“This very rock where we’re sitting is a rock because we have been forced to give our attention to it.”
Carlos Castaneda

Tales of Power

Writing About Yoga


I was recently contacted by an individual who also writes on Yoga & Spirituality. This person complimented me on my writing and asked for my opinion on his. I visited his website numerous times and I had a hard time relating to his writing, I couldn’t read a single post all the way through. This is my experience with most of the articles I encounter about Yoga & Spirituality. This time, because of his request, I gave it some thought, and the bottom line is this…. I feel there is too much talk and too little practice.

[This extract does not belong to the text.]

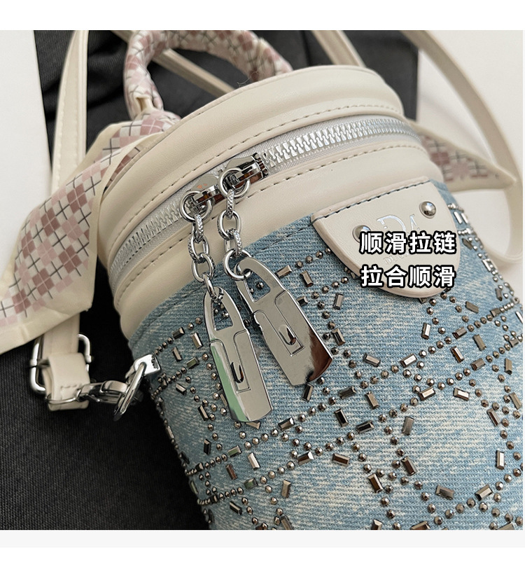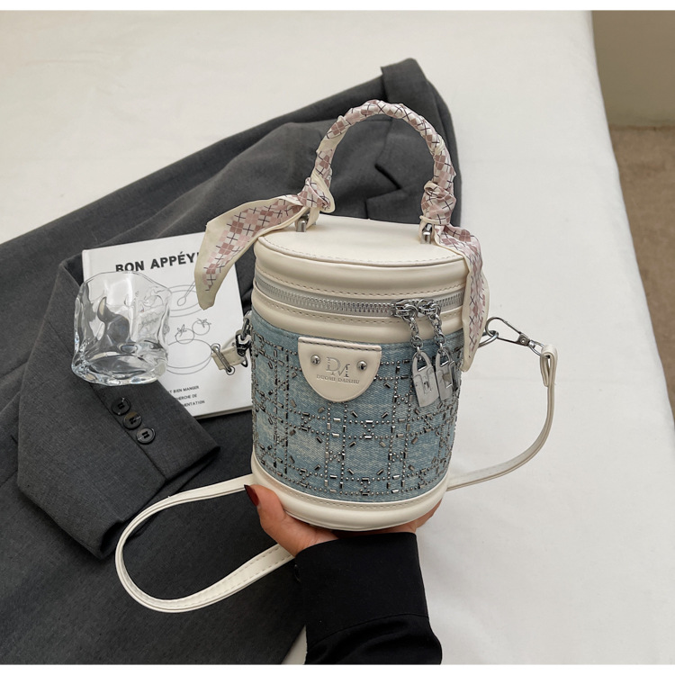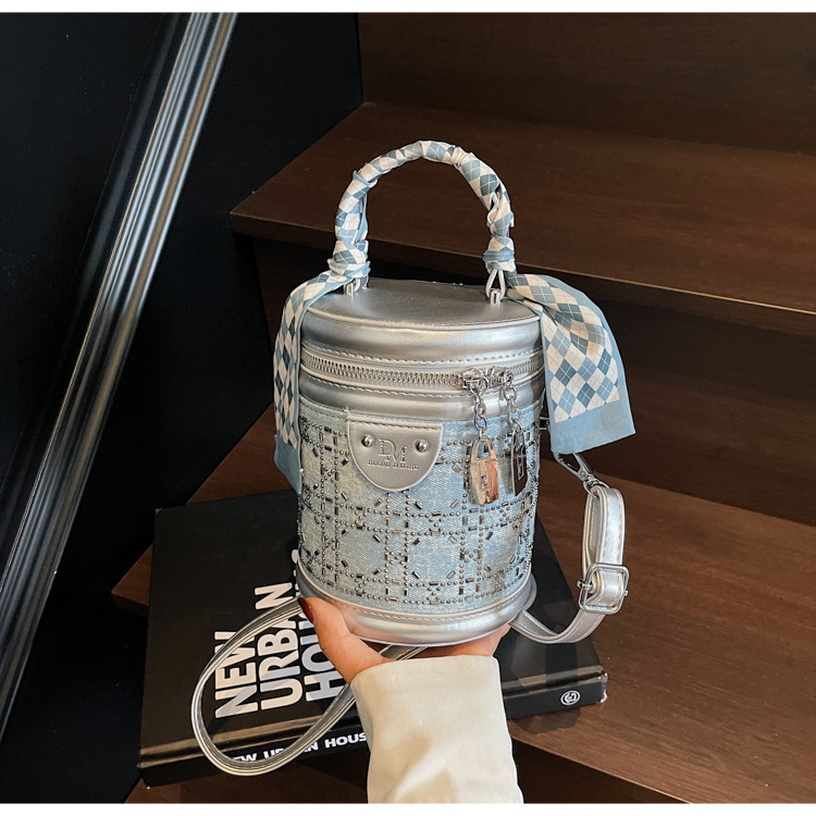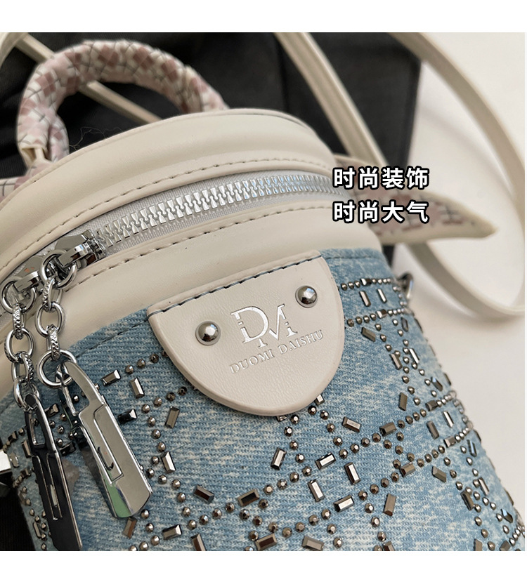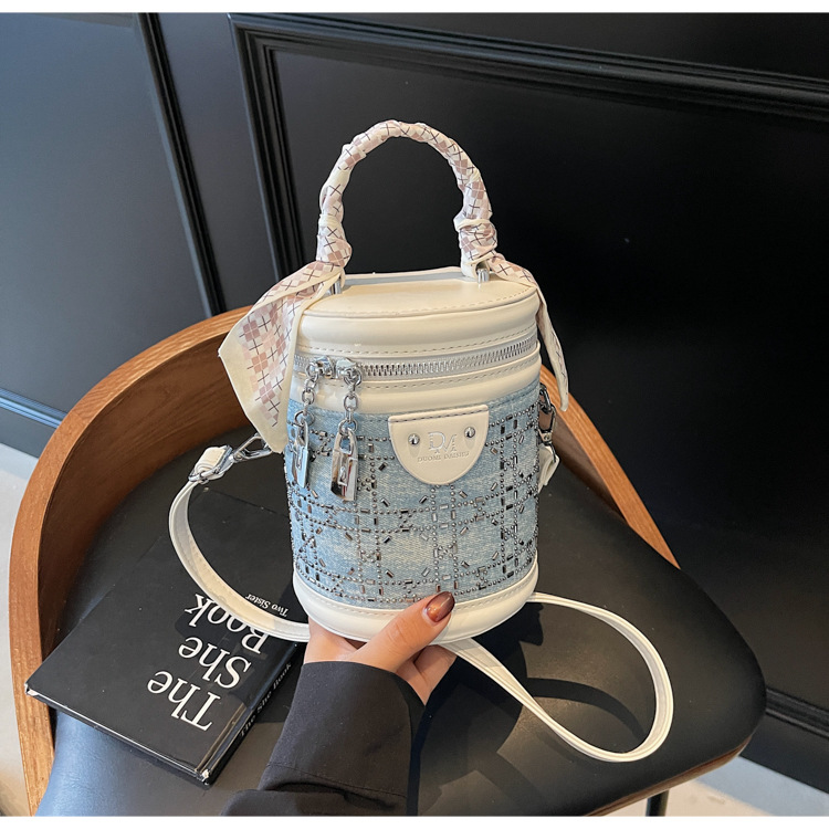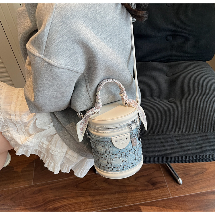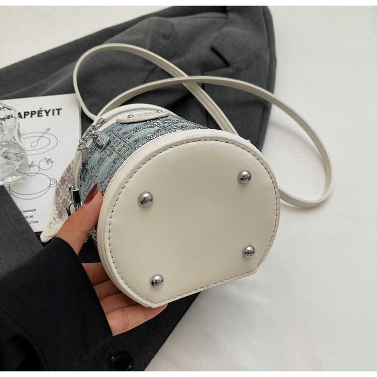 Bolso de cubo de mano de diamantes calientes de nicho popular de verano para mujer 2025 nuevo bolso de hombro de estilo occidental de moda bolso de mensajero de estilo explosivo

We live in disturbed and volatile times (dominated by Rajas). We generally have more options, consume more information, make more choices then ever before – and it seems this over-stimulation is still on the rise. It is only natural that people are looking for a way to deal with this. It is only natural that people turn to Yoga for answers. It is only natural that Yoga gets caught up and affected by the prevailing disturbing energy. The popular and available Yoga that survives this process is mostly a disturbed and low potency Yoga.

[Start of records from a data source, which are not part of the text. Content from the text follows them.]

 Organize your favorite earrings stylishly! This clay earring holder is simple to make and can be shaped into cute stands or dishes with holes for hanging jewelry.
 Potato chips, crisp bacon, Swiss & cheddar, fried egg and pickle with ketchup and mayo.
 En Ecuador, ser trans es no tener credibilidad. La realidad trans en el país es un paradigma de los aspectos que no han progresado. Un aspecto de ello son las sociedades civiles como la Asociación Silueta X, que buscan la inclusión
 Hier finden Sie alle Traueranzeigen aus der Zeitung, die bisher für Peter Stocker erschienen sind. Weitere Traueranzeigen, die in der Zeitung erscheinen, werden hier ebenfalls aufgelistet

I try to embrace this state of Yoga (it’s not easy for me). I am hoping and assuming that this is best for now – that people will find Yoga by practicing play-Yoga (as I did), by shopping for Yoga clothes and by drawing inspiration from promises for a better day and toying with ten-step recipes for self-improvement. Some intentions are good, others are abusive. From my vantage point the remains are not even the tip of the iceberg of Yoga – they are a melted residue.

As for me, I know that already there are teachings of Yoga that I will not receive from my teachers, as there are teachings they did not receive from theirs. What I write about Yoga is intended to make the teachings I have received available knowledge available and to give them a bit more reach and longevity. My choice is to focus on practical tools that can be put to action in the hands of people who will, when the time is right, be able to benefit from them by practicing.

Enough said. You can start practicing now! If you’ve never practiced Yoga and don’t have a teacher here is something you can do on your own:

  1. Get familiar with your natural breathing.
  2. Learn to do Ujjayi breathing.
  3. Find your preferred seated position.
  4. Learn about the four parts of your breath.
  5. Learn to count & time your breaths.
  6. Start a simple breathing practice that takes a few minutes and you can every day.

If you did start practicing I’d love to hear about it – please let me know by commenting on this post or contacting me.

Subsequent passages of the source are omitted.